# EXERCISE DESCRIPTION
Could the entries below be reproduced exactly, with the images removed?

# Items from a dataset
***
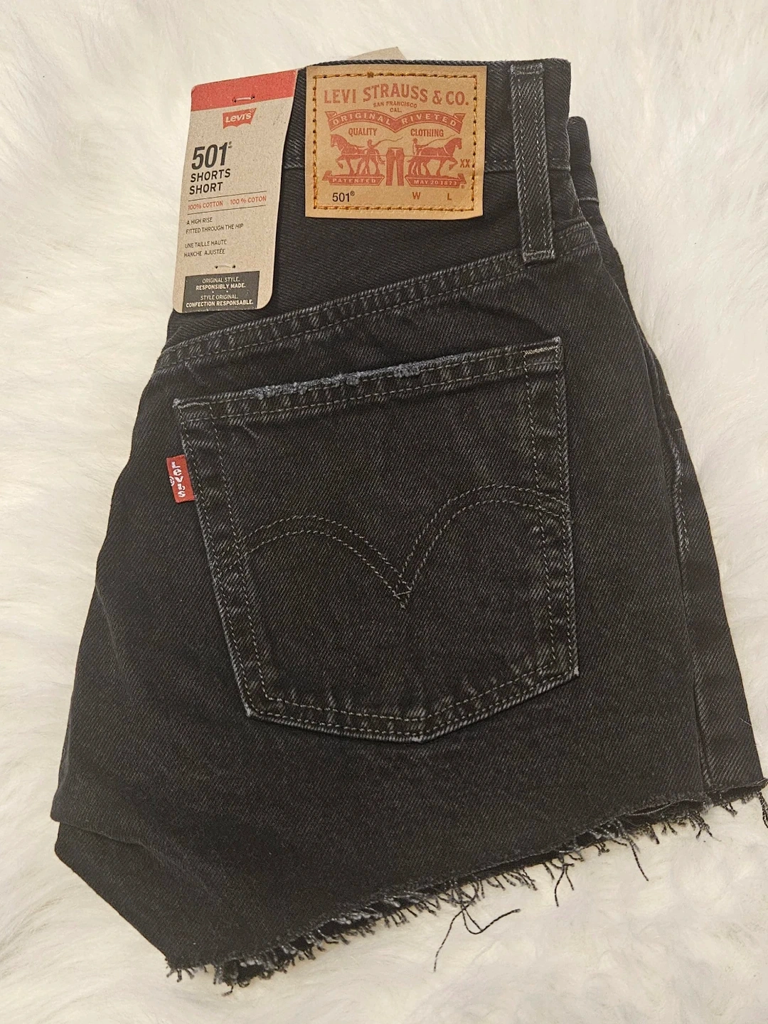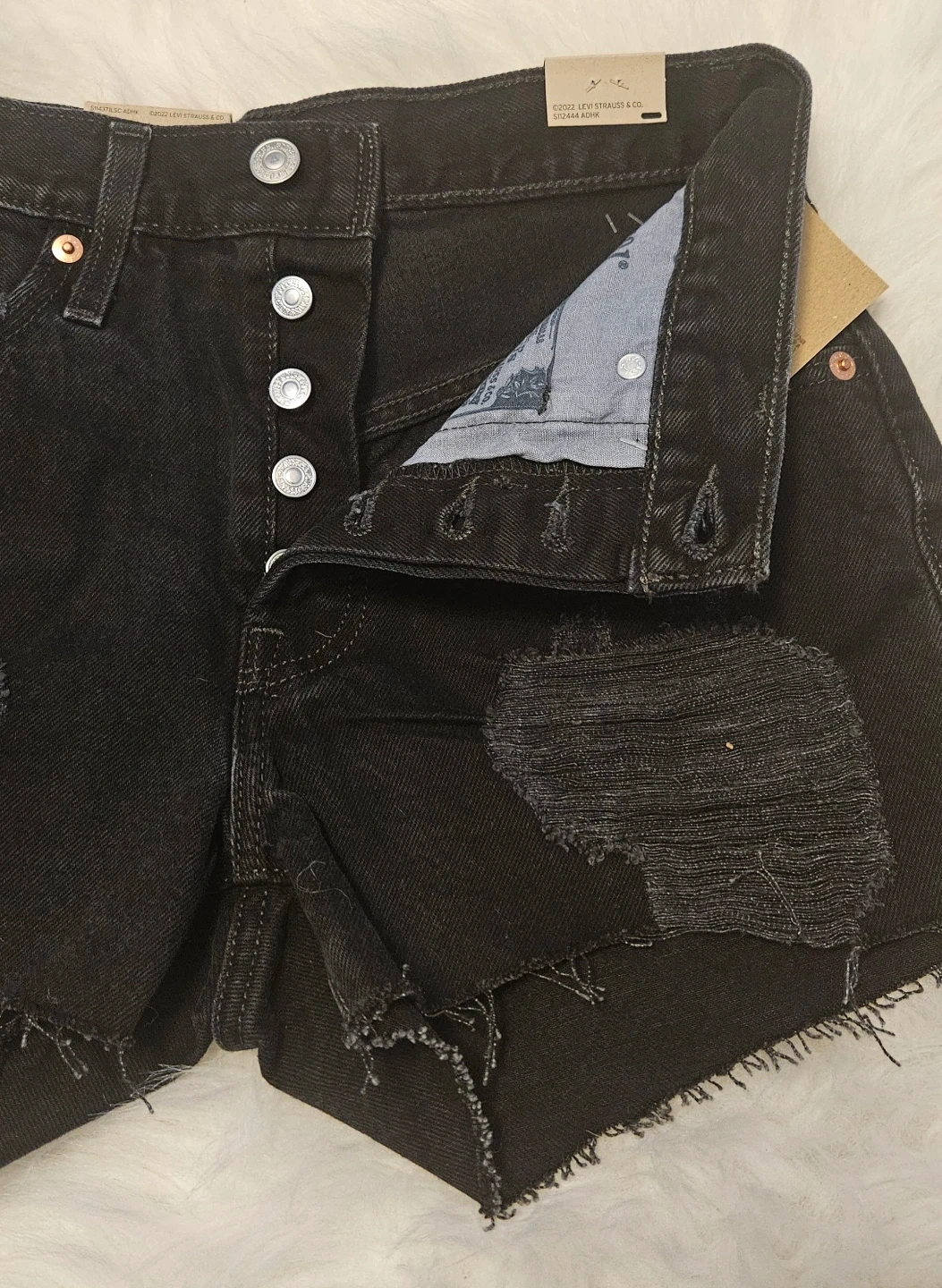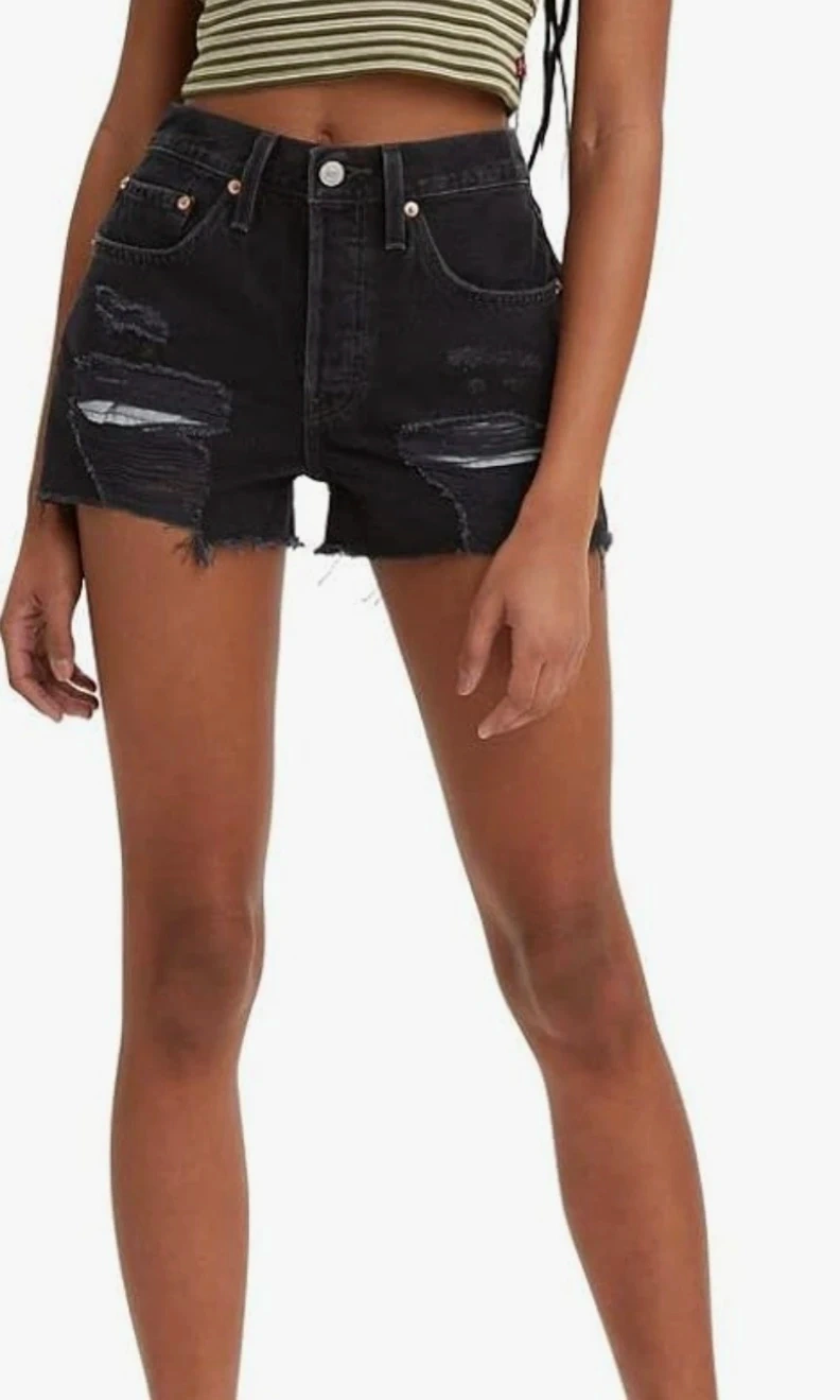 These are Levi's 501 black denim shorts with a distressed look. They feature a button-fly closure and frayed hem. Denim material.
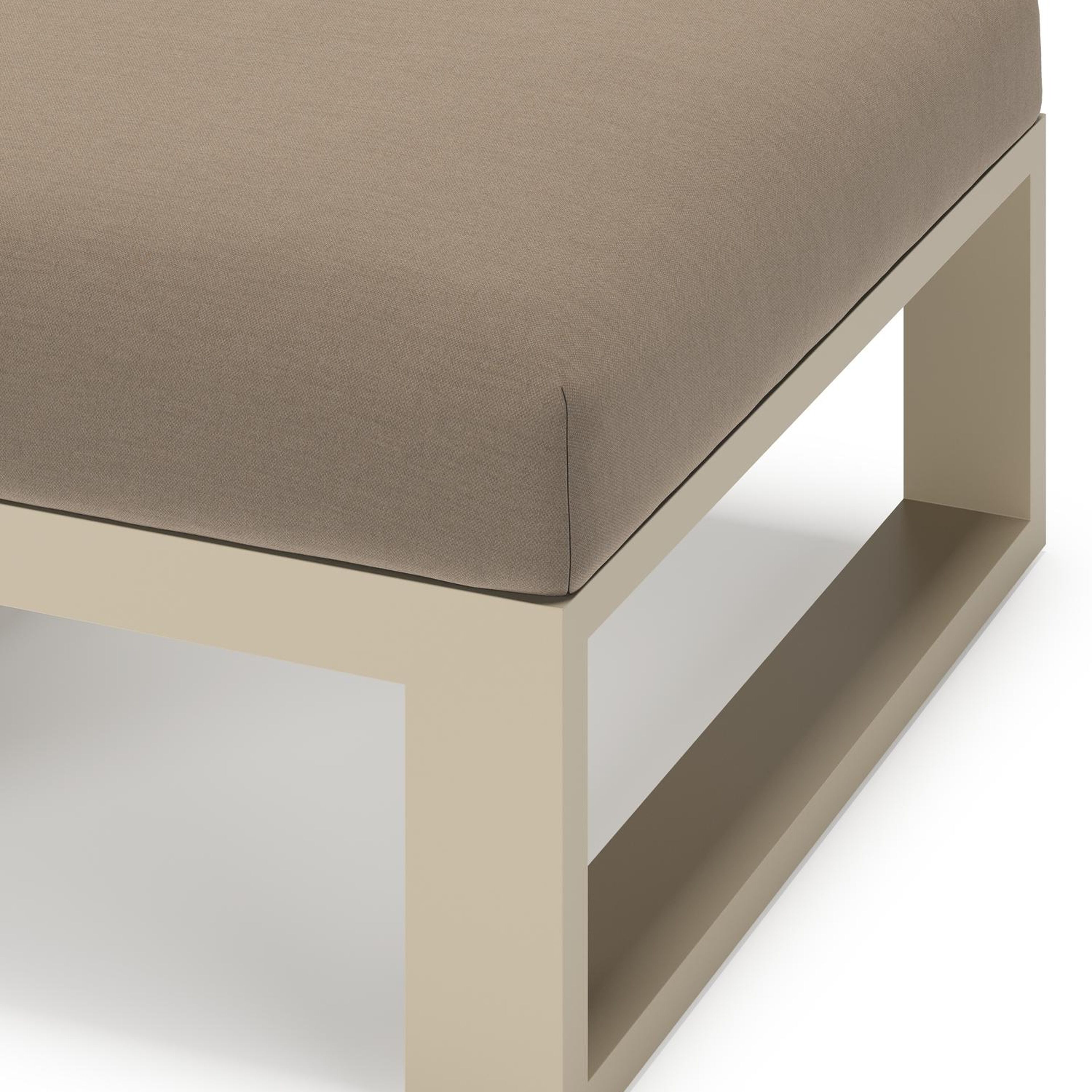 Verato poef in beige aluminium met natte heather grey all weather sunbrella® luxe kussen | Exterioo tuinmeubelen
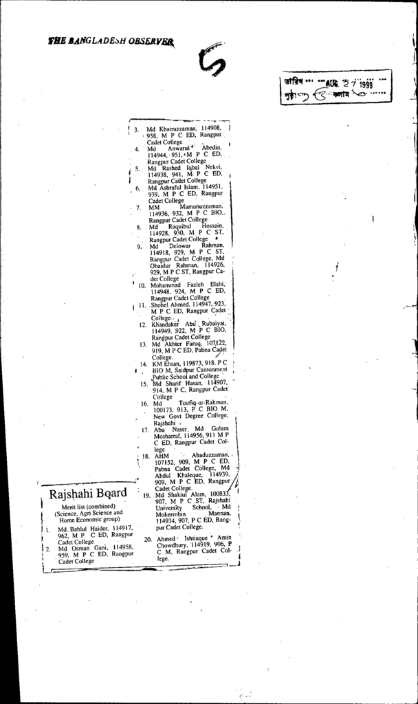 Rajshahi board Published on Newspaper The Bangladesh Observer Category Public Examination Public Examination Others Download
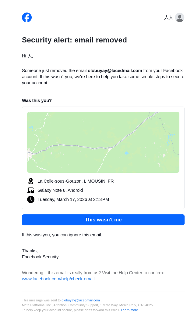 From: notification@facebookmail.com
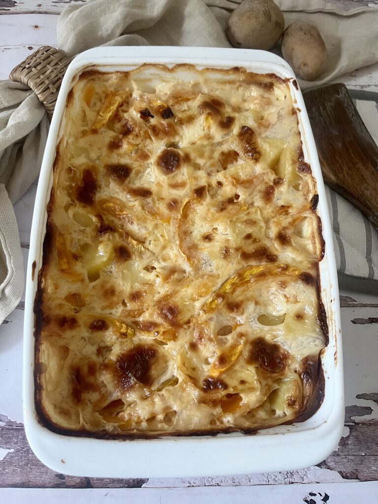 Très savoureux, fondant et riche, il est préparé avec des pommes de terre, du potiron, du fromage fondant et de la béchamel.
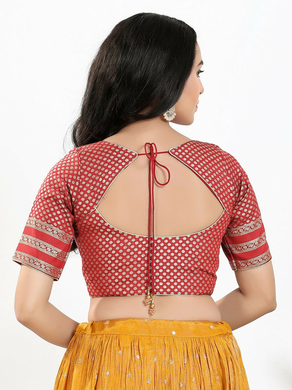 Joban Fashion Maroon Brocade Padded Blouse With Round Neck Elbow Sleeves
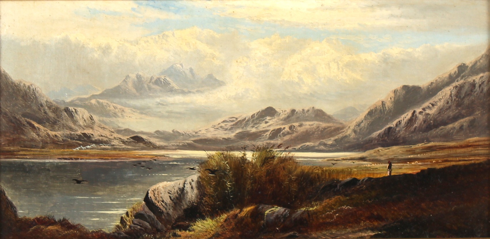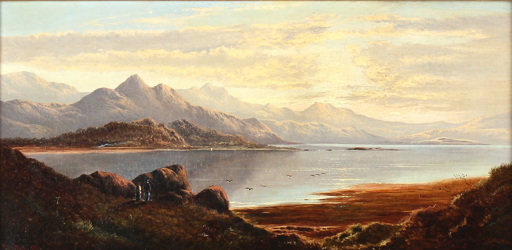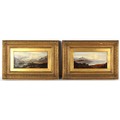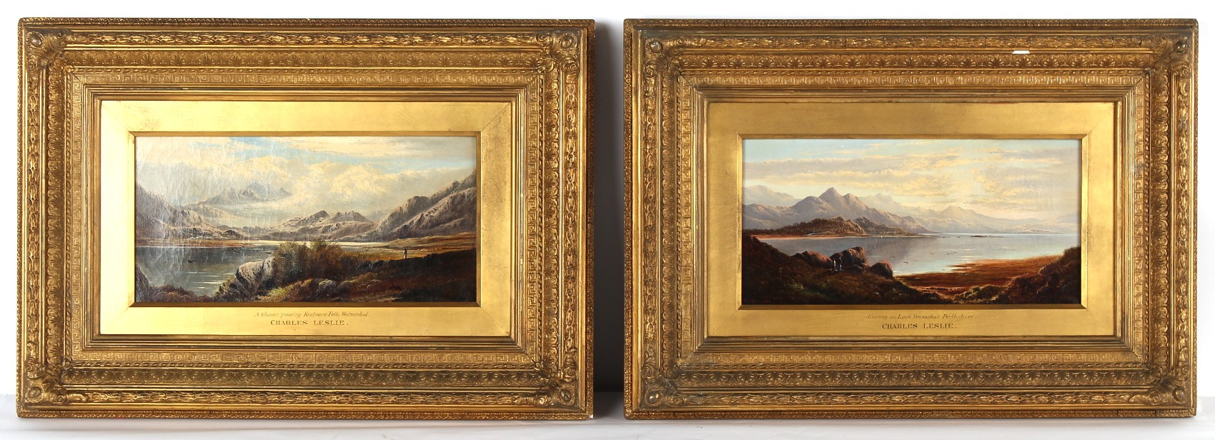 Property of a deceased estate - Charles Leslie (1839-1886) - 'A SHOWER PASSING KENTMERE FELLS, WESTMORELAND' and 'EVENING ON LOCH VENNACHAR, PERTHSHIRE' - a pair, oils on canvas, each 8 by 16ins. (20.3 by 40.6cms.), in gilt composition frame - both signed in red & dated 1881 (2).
***
# SOLUTION
 These are Levi's 501 black denim shorts with a distressed look. They feature a button-fly closure and frayed hem. Denim material.
 Verato poef in beige aluminium met natte heather grey all weather sunbrella® luxe kussen | Exterioo tuinmeubelen
 Rajshahi board Published on Newspaper The Bangladesh Observer Category Public Examination Public Examination Others Download
 From: notification@facebookmail.com
 Très savoureux, fondant et riche, il est préparé avec des pommes de terre, du potiron, du fromage fondant et de la béchamel.
 Joban Fashion Maroon Brocade Padded Blouse With Round Neck Elbow Sleeves
 Property of a deceased estate - Charles Leslie (1839-1886) - 'A SHOWER PASSING KENTMERE FELLS, WESTMORELAND' and 'EVENING ON LOCH VENNACHAR, PERTHSHIRE' - a pair, oils on canvas, each 8 by 16ins. (20.3 by 40.6cms.), in gilt composition frame - both signed in red & dated 1881 (2).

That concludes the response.